**What is being asked:** Before printing, remove every picture; then print the lines below exactly, from the first line through the line containing "- 当 socket server".

**Data extract:**
────────────────────

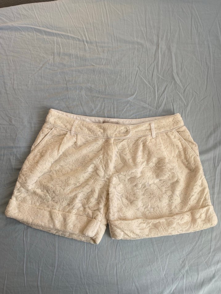 Dantel detaylı, gevşek kesim beyaz mini şort. Yumuşak sentetik kumaştan yapılmış, rahat ve bohem tarzda, açık tonlarda, dış mekan kullanımı için uygun.
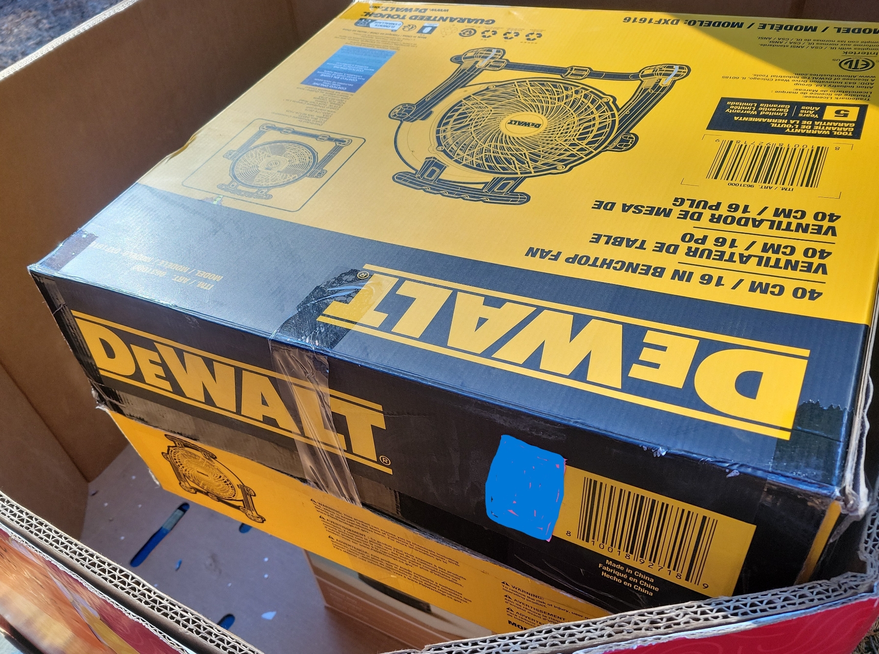 As is. Includes 16 inch DeWalt benchtop fan.
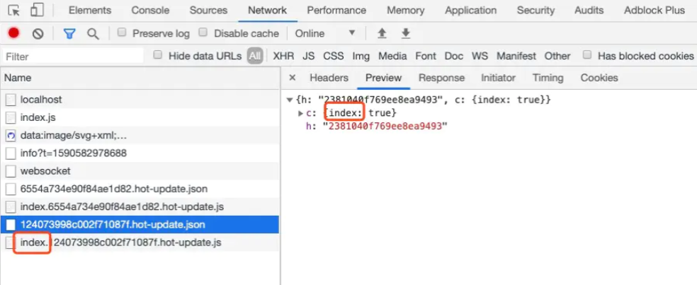 - 当 socket server 监听到对应的模块发生变化时,会生成两个文件.json(manifest 文件)和.js 文件(update chunk)
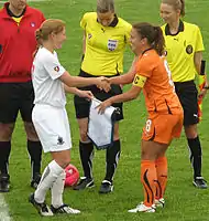 White represented the United States as various youth levels, including the under-19 and under-21 national teams. With the under-21 team, she won the 2005 Nordic Cup in Sweden.[1] On November 2, 2006, she debuted for the United States women's national soccer team during at match against the Netherlands during the Peace Queen Cup in South Korea.[2] White was an alternate for the senior national team at the 2008 Summer Olympics in China.[3]

────────────────────

**Exercise result:**
 Dantel detaylı, gevşek kesim beyaz mini şort. Yumuşak sentetik kumaştan yapılmış, rahat ve bohem tarzda, açık tonlarda, dış mekan kullanımı için uygun.
 As is. Includes 16 inch DeWalt benchtop fan.
 - 当 socket server 监听到对应的模块发生变化时,会生成两个文件.json(manifest 文件)和.js 文件(update chunk)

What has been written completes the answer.